Au même moment, alors que le
monde entier a depuis une semaine les yeux fixés sur les files d’attente formées par
les insoumis russes aux frontières de leur pays, un scandale inouï
et connexe éclate à Montevideo : le chef de la sécurité du
président Luis Lacalle Pou est compromis dans un trafic de faux
papiers qui permettaient à des citoyens russes d’obtenir un
passeport uruguayen ! Ce week-end, le garde du corps
accompagnait le président à l’étranger pour un week-end de
détente. Il a été arrêté hier à la descente de l’avion à la
stupéfaction du chef de l’État qui assure qu’il ignorait tout (la stupéfaction se lit sur son visage).
Pourtant le bonhomme n’est pas blanc-bleu. De façon assez difficilement compréhensible pour une personne de confiance si proche d’un chef d’État, il accumule les antécédents délictueux : une vingtaine d’affaires louches qui l’impliquent ont pu être identifiées dans les archives policières et judiciaires uruguayennes. Voilà vingt-trois ans que ce type fait partie du personnel de la famille Lacalle qu’il avait commencé à servir en 1999 en qualité de chauffeur de maître.
Une instruction judiciaire est lancée.

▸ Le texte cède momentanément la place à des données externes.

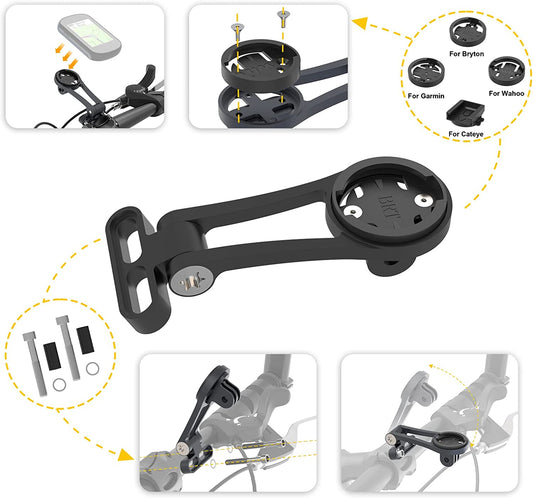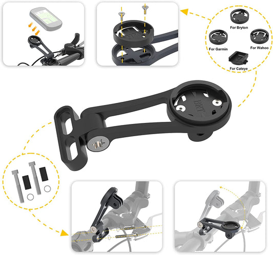 Garmin Edge Wahoo Bike Mount - Out Front Adjustable Bicycle Computer Mount, Extended Mountain Bike Accessories for 38Mm Handlebar, Cycling Phone Bike Light Sports Action Camera Combo Mount (Black)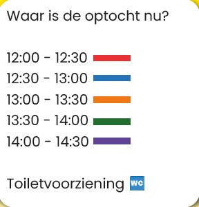 Geniet van de verschillende eet- en drinkgelegenheden langs de route; de bijdrage van deze ondernemers helpt de optocht gratis toegankelijk te houden. Op meerdere locaties vind je ook openbare toiletten.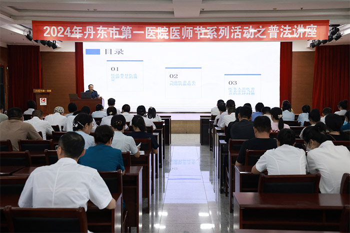 8月16日,在第七个“中国医师节”来临之际,为进一步加强我院医务人员的法律意识、风险意识和安全防范意识,不断提高医疗服务质量,依法保护职工和患者利益,我院举办了专题普法讲座。本次讲座由丹东市律师协会副秘书长姜勇律师来院授课,结合典型案例,为我院广大医务工作者详细讲解了医疗行业相关的法律知识。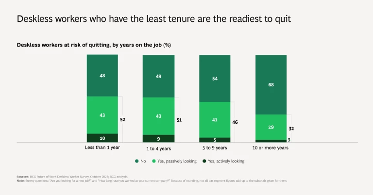 Invest in making work better. Just as companies commit to investing when they roll out new products or enter new markets, they must dedicate real effort to making work better for deskless workers. After an organization identifies potential changes to explore as possible ways to improve work, it must invest in the technology, upskilling, governance, and other enablers needed to support the new practices; then it must pilot and make necessary adjustments before rolling out and scaling the workplace changes. Investments don’t end there. If younger workers with less time on the job are the group most inclined to leave, employers need to invest in improving onboarding and career planning so that the people who represent the future of their workforce feel connected to and engaged with the organization, knowing that they have the attention and support of managers who can help them thrive even before they walk through the door.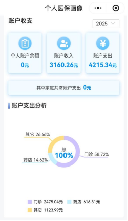 个人账户余额实时更新,账户支出自动划分为住院、门诊、慢病和药店购药4类开展统计分析,消费结构、占比分布直观展示,家庭共济账户支出可追溯、可查询,账户资金流向清清楚楚。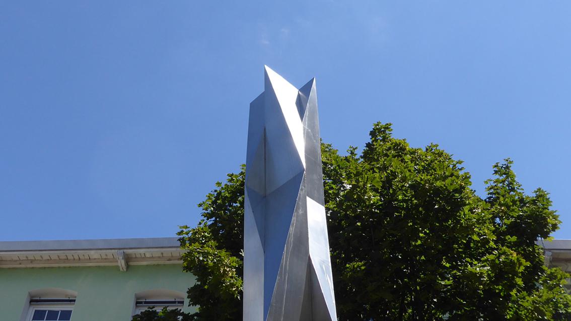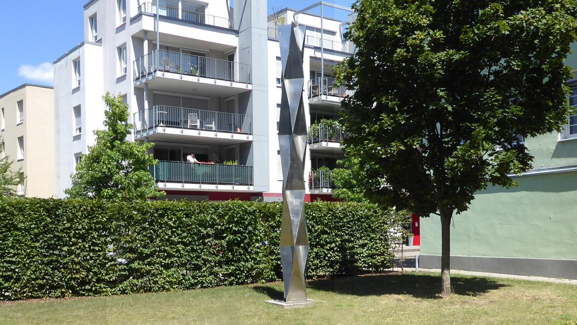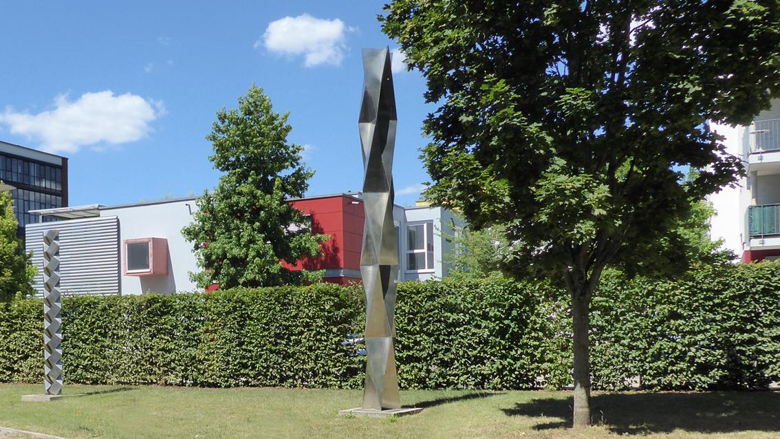 Zwischen 1994 und 2004 beschäftigte sich David D. Lauer vorrangig mit Modulsäulen. Es entstand eine Versuchsreihe kleiner Holzmodelle, von denen einige für den Außenbereich in Edelstahl oder verzinktem Stahl verwirklicht wurden. Dabei setzte der Künstler räumliche Segmente übereinander, die auf geometrischen Grundformen basieren. Bei der sechs Meter hohen Plastik an der westlichen Begrenzung der Raumfabrik, bilden fünf Module, die spiegelbildlich übereinander lagern, eine die Vertikale betonende Einheit. Der polierte V2R-Stahl reflektiert das Tageslicht, wodurch die Lebendigkeit des Kunstwerks zusätzlich gesteigert wird. Der Bildhauer und Zeichner wurde am 9. Mai 1939 in Trier geboren. Nach einer Zimmermannslehre studierte er zwischen 1961 und 1967 an der Kunstakademie in Karlsruhe Bildhauerei bei Prof. Hans Kindermann, dessen Meisterschüler er wurde. Von 1974 bis 2004 hatte der weit über die Region hinaus wirkende Künstler an der Staatlichen Akademie der Bildenden Künste in Karlsruhe eine Professur für Projekte im Raum inne. David D. Lauer verstarb am 7. Januar 2014 in Gleisweiler.
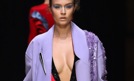 Modelka prezentuje kolekcję zaprojektowaną przez słynną Donatellę Versace podczas tygodnia mody w Paryżu. Fot. PAP/EPA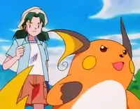 | Raichu is the only known Pokémon Katrina has, nicknamed Raichie (Japanese: ライちゃん Rai-chan). It appeared when Ash was looking for somewhere to train for the Indigo Plateau Conference. He found Katrina, and they decided to battle. Ash sent his Pikachu out to battle, but before they could start Team Rocket appeared to try to capture Pikachu. However, they caught Raichu instead. Raichu used Thunderbolt and Mega Kick to get out and knock Team Rocket over. It then appeared on stage for Cleavon Schpielbunk's film, where they had to show off their dancing skills.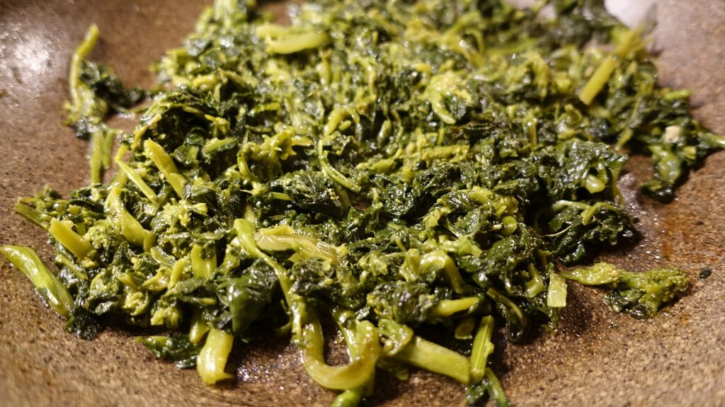 Dans une poêle avec trois cuillères à soupe d’huile d’olive extra vierge, faites légèrement rissoler l’ail et le piment, ajoutez les petits brocolis et faites cuire à couvert pendant vingt minutes en les retournant souvent.
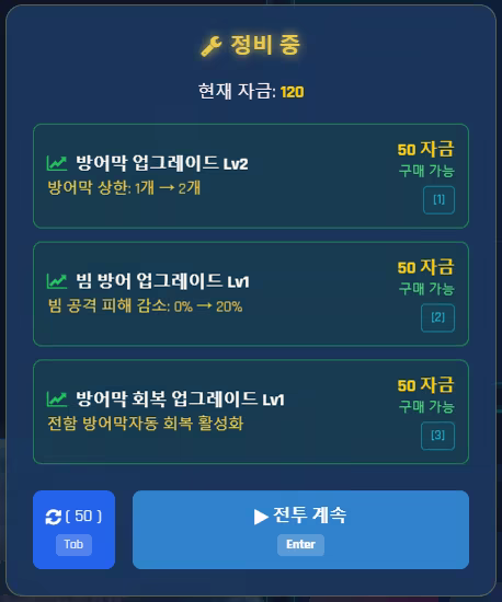 전투의 난이도는 점수가 올라감에 따라 점차 높아집니다. 난이도가 올라갈 때마다 정비 기회를 얻습니다. 정비에서 원하는 강화 방향을 선택하여 업그레이드할 수 있습니다. 물론 업그레이드에 필요한 자금은 전투에서 적 전함을 처치하여 얻어야 합니다.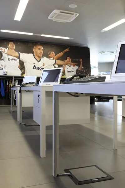 Porro furnishes the reception area, the offices and the new showroom devoted to sport, authorized and certified retailer of the best international brands, through 3 different typologies of supplies, and shows Porro predisposition to contract and the possibility to satisfy with flexibility the demands of each client. From manufactered products like Fractal table, to an existing design modified to comply with specific requests, like Modern and Storage systems, presented in customized colors and compositions, to real tailor made products, like the reception desk and the tables used to expose the shoes, specifically designed to meet the specific functional requirements of the space.

L’homme est en garde à vue et sera sans doute placé sous écrou sous peu.
Pour aller plus loin :
lire l’article de El País (droite libérale)
lire l’article de El Observador
lire l’article de La Nación (journal argentin de la droite libérale)
Ajout du 28 septembre 2022 :
Le
Frente Amplio a préféré hier s’abstenir de prendre la moindre
mesure contre ce directeur de son conseil des Affaires étrangères,
parti faire des études à Moscou et envoyé par la Fédération de
Russie pour légitimer son occupation du territoire ukrainien.
L’organisation politique reste dans l’ambiguïté
même si son président a affirmé que sa formation n’avait aucune
responsabilité dans le rôle que le militant a joué dans la
procédure russe en Ukraine. Il parle lui-même d’« invasion
russe ».
Pour aller plus loin :
lire l’article de El País
lire l’article de El Diario R/GrupoRmultimedio
(1) Outre l’Uruguay, les pays concernés sont la Russie (on n’est jamais mieux servi que par soi-même !), la Biélorussie, la Syrie, l’Égypte, le Brésil, le Venezuela, le Togo et l’Afrique du Sud. Rien que des pays crédibles pour fournir des observateurs impartiaux aux yeux de Poutine.